Conduire une trottinette électrique, ce n’est pas juste filer droit sur la route. Le code de la route fixe des limites claires pour ces engins de déplacement personnel motorisés (EDPM) et toute infraction se traduit par une sanction immédiate. Dépasser les 25 km/h vous expose à une amende de 1 500 euros. Rouler sur un trottoir sans autorisation municipale ? C’est 135 euros d’amende. Prendre un passager ou manipuler son téléphone au guidon n’est pas non plus toléré, et la contravention tombe vite.

L’absence d’assurance responsabilité civile n’est pas un détail : chaque conducteur doit souscrire une couverture spécifique. Sans assurance, le risque s’élève à 3 750 euros d’amende, et la trottinette peut être confisquée sur-le-champ. Aujourd’hui, la plupart des assureurs proposent des formules adaptées, proches des contrats cyclomoteurs.

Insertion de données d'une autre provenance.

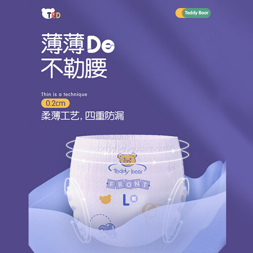 腰围弹力大,宝宝穿着贴合腰部和腹部,活动自如无束缚,安全不后漏。吸水快速不反渗,能够牢锁多次尿湿,宝宝护理更省心。
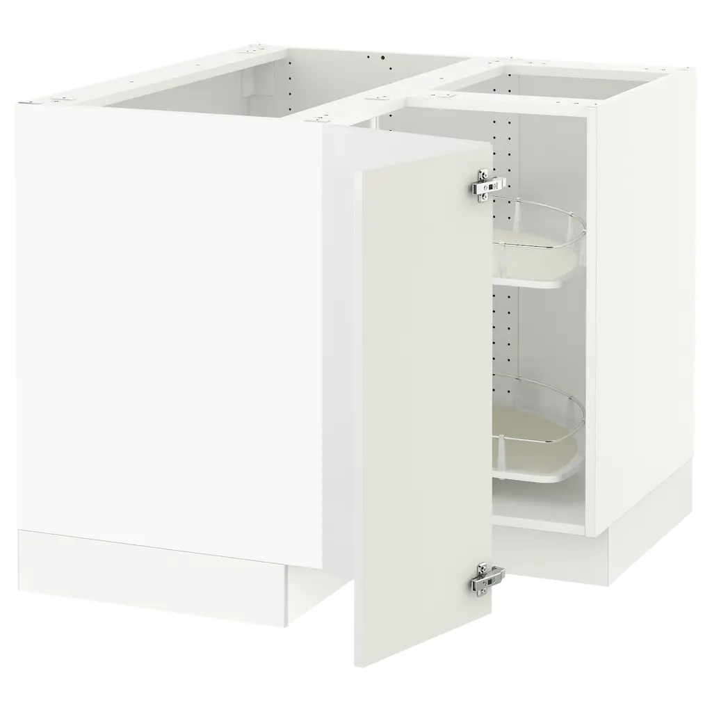 SEKTION Corner base cabinet with carousel - white/Ringhult white 38x24x30 ". The shelves can be moved vertically and rotated to make it easier for you to access what you need. Ideal for storing things like pots, pie plates, and dry goods. You can choose to mount the door on the right or left side.

Sur la question de la responsabilité, il n’existe aucune marge d’erreur. En cas d’accident, le conducteur devra assumer l’ensemble des conséquences, financières et juridiques. Renverser un piéton ou heurter un autre véhicule peut engager pour des années de remboursements. La prudence s’impose, surtout quand la densité urbaine augmente le risque d’incident.

Pour garder à l’esprit les principales sanctions, voici un tableau récapitulatif :

Infraction Montant de l’amende
Excès de vitesse (>25 km/h) 1 500 €
Circulation sur trottoir 135 €
Défaut d’assurance 3 750 €

Femme vérifiant son téléphone à côté de son scooter urbain

Conseils pratiques pour circuler en sécurité au quotidien

Se déplacer en trottinette électrique, que ce soit en centre-ville ou en périphérie, demande rigueur et organisation. Avant chaque départ, un rapide tour d’horizon s’impose : contrôlez l’état des freins, la puissance des feux avant et arrière, et assurez-vous que les dispositifs réfléchissants sont bien en place. Dès la nuit tombée ou par temps gris, le gilet rétro-réfléchissant devient incontournable pour rester visible.

Respecter la vitesse maximale autorisée de 25 km/h ne relève pas du détail. Sur piste cyclable, ajustez l’allure au flux et à l’environnement. Sur la chaussée, soyez attentif aux comportements des autres usagers, surtout aux croisements et intersections. N’oubliez pas : trottoirs et zones piétonnes sont à éviter, sauf signalisation spécifique.

Le casque, même s’il n’est pas imposé après 12 ans, reste un allié précieux. La moindre chute peut avoir de sérieuses conséquences, même à faible vitesse. Un avertisseur sonore est également recommandé pour alerter piétons et cyclistes inattentifs.

Quelques repères pour une circulation sûre :

  • Gardez toujours les deux mains sur le guidon ; téléphone et écouteurs restent au fond du sac.
  • Vérifiez régulièrement la pression des pneus : une crevaison, et la stabilité part en fumée.
  • Indiquez clairement chaque changement de direction, même brièvement, pour éviter les surprises.

La sécurité repose enfin sur la visibilité. Allumez systématiquement vos feux, privilégiez les vêtements clairs, et restez concentré sur l’environnement. Sur une trottinette électrique, chaque trajet est un équilibre entre mobilité rapide et vigilance constante. Les plus attentifs traceront leur route sans faux pas ; les autres risquent de croiser la sanction au coin de la rue.